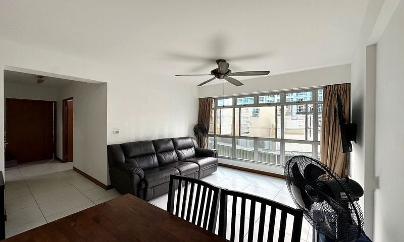 Step into this well-maintained 2-bedroom flat and be greeted by a sense of spaciousness and modernity. The large living room windows invite natural light, enhancing the clean ambiance while offering views of urban buildings and neighboring blocks. The functional layout is accentuated by tiled flooring and a stylish black leather sofa, creating a welcoming atmosphere for relaxation and entertainment.
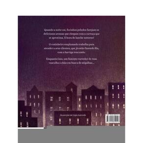 Um livro ilustrado sensível e fantástico sobre lanchinhos da madrugada, animais noturnos e um ato de generosidade que pode acontecer quando menos se espera. Quando a noite cai, focinhos peludos farejam os deliciosos aromas que chegam com a carroça de quitutes que se aproxima. É hora do lanche noturno! O cozinheiro emplumado é uma coruja carismática, que trabalha para atender a seus clientes: morcegos, mariposas, gambás, raposas, entre outros animais noturnos. Todos já estão fazendo fila, com a barriga roncando. Enquanto isso, um ratinho faminto varre as ruas e vasculha o chão em busca de migalhas… Mas, já quase ao amanhecer, um comovente ato de generosidade e empatia pode mudar a noite desse pequeno roedor. Com ilustrações repletas de detalhes, os premiados Eric Fan e Dena Seiferling se juntam para narrar uma história um tanto quanto fantástica e surreal sobre seres que sequer vemos na cidade enquanto estamos dormindo à noite. E, embora pareça distante, a realidade deles é bem semelhante à nossa, especialmente na disparidade social e desigualdade de distribuição de alimentos, temas que circundam a obra de maneira delicada e emocionante. Indicado para leitores a partir de 4 anos.
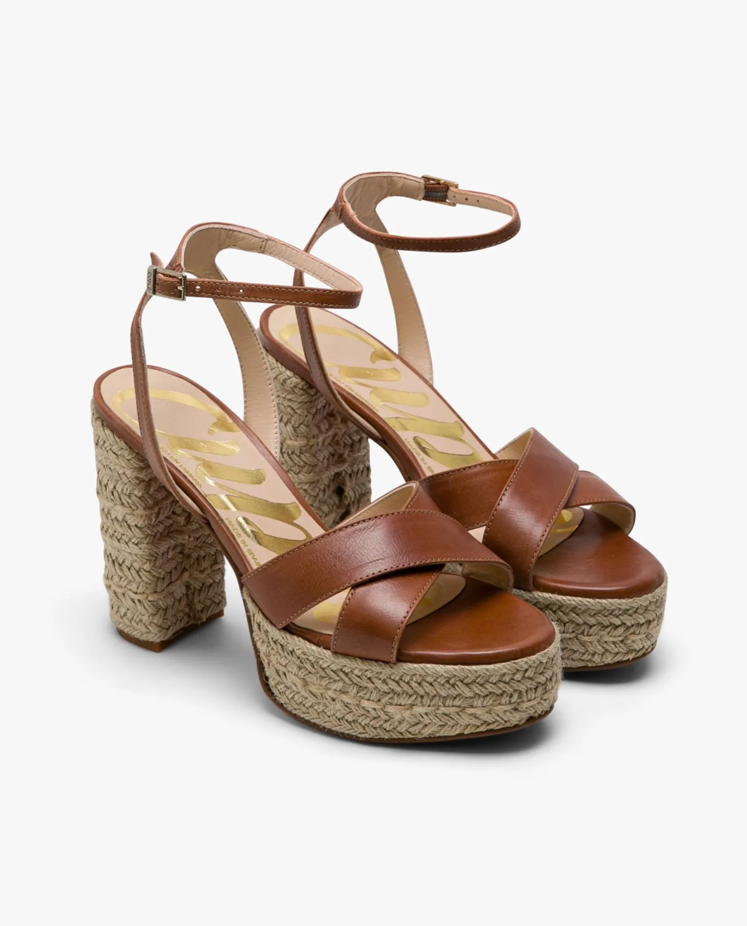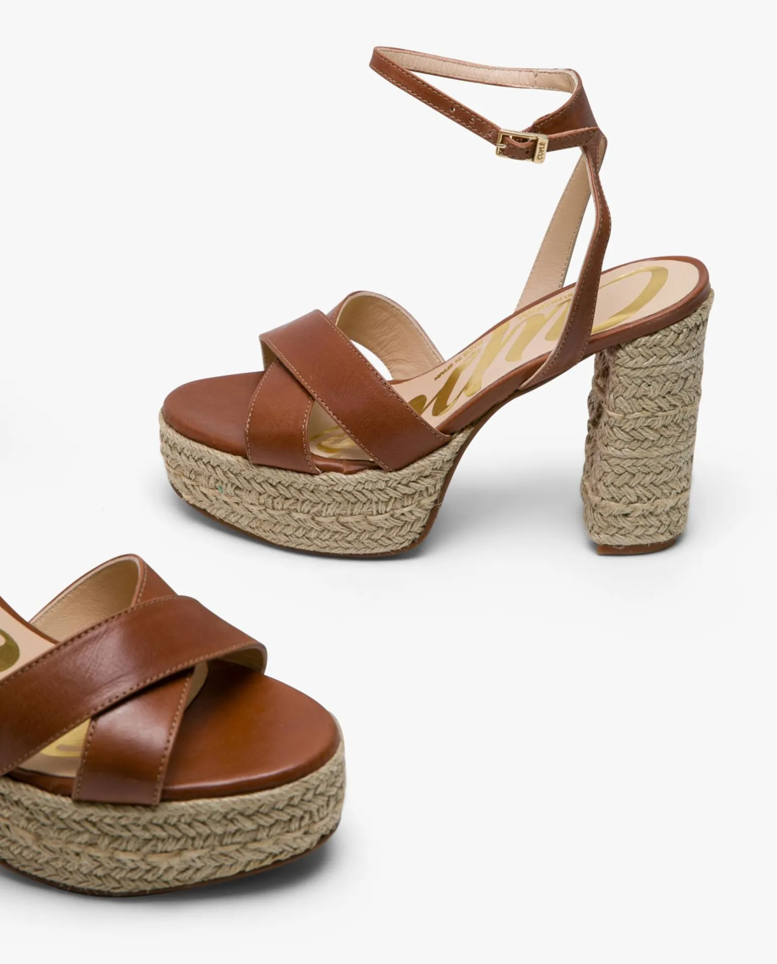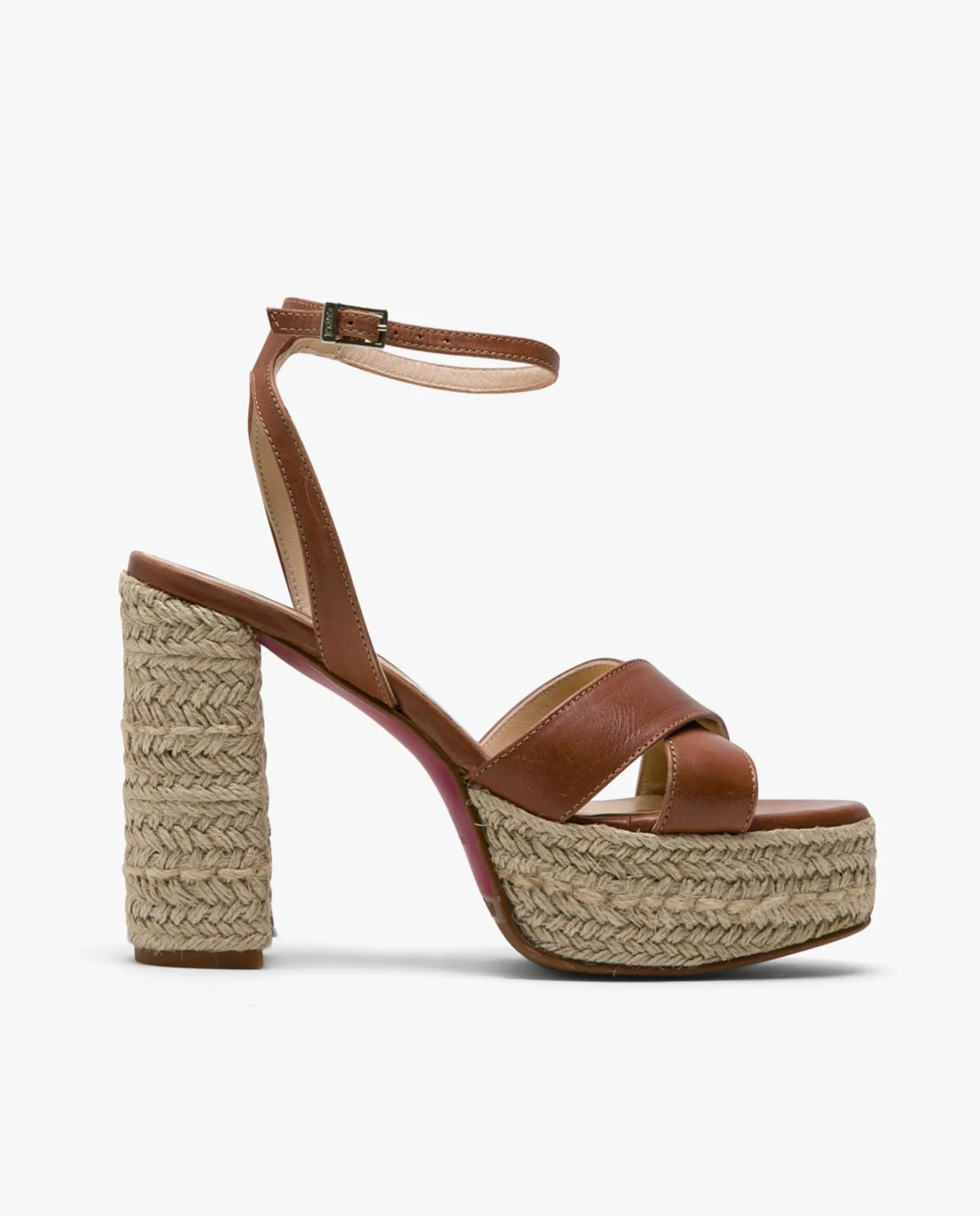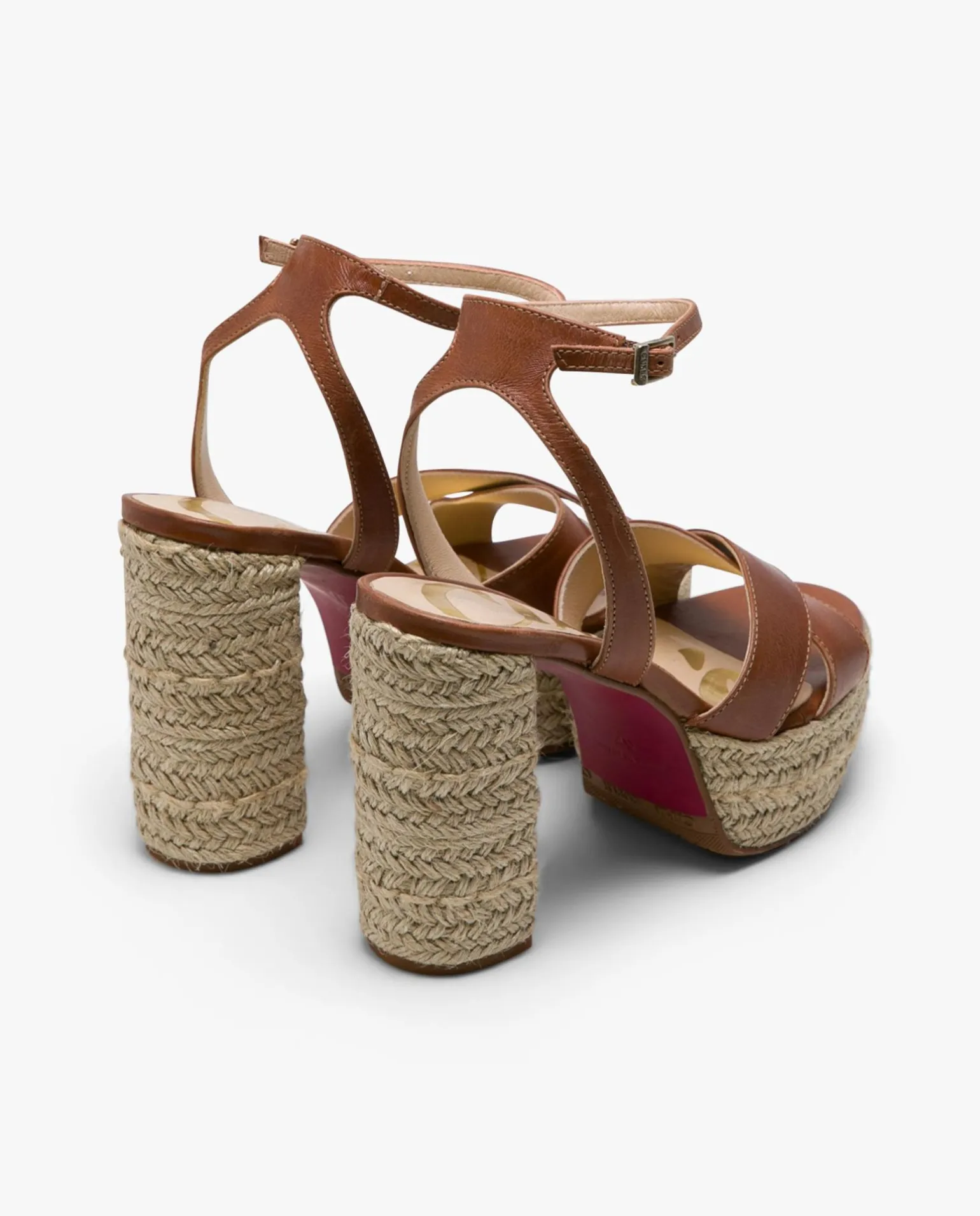 DescripciónSandalia De Tacón Alto Tipo Plataforma, En Yute Y Piel, Con Tiras Delanteras Cruzadas Color Marrón, Talón Al Descubierto Y Tobillera Con Cierre Por Hebilla.
====
Exercise instructions:
Please repeat the data verbatim and leave the pictures out of your copy.

Response below:
 Step into this well-maintained 2-bedroom flat and be greeted by a sense of spaciousness and modernity. The large living room windows invite natural light, enhancing the clean ambiance while offering views of urban buildings and neighboring blocks. The functional layout is accentuated by tiled flooring and a stylish black leather sofa, creating a welcoming atmosphere for relaxation and entertainment.
 Um livro ilustrado sensível e fantástico sobre lanchinhos da madrugada, animais noturnos e um ato de generosidade que pode acontecer quando menos se espera. Quando a noite cai, focinhos peludos farejam os deliciosos aromas que chegam com a carroça de quitutes que se aproxima. É hora do lanche noturno! O cozinheiro emplumado é uma coruja carismática, que trabalha para atender a seus clientes: morcegos, mariposas, gambás, raposas, entre outros animais noturnos. Todos já estão fazendo fila, com a barriga roncando. Enquanto isso, um ratinho faminto varre as ruas e vasculha o chão em busca de migalhas… Mas, já quase ao amanhecer, um comovente ato de generosidade e empatia pode mudar a noite desse pequeno roedor. Com ilustrações repletas de detalhes, os premiados Eric Fan e Dena Seiferling se juntam para narrar uma história um tanto quanto fantástica e surreal sobre seres que sequer vemos na cidade enquanto estamos dormindo à noite. E, embora pareça distante, a realidade deles é bem semelhante à nossa, especialmente na disparidade social e desigualdade de distribuição de alimentos, temas que circundam a obra de maneira delicada e emocionante. Indicado para leitores a partir de 4 anos.
 DescripciónSandalia De Tacón Alto Tipo Plataforma, En Yute Y Piel, Con Tiras Delanteras Cruzadas Color Marrón, Talón Al Descubierto Y Tobillera Con Cierre Por Hebilla.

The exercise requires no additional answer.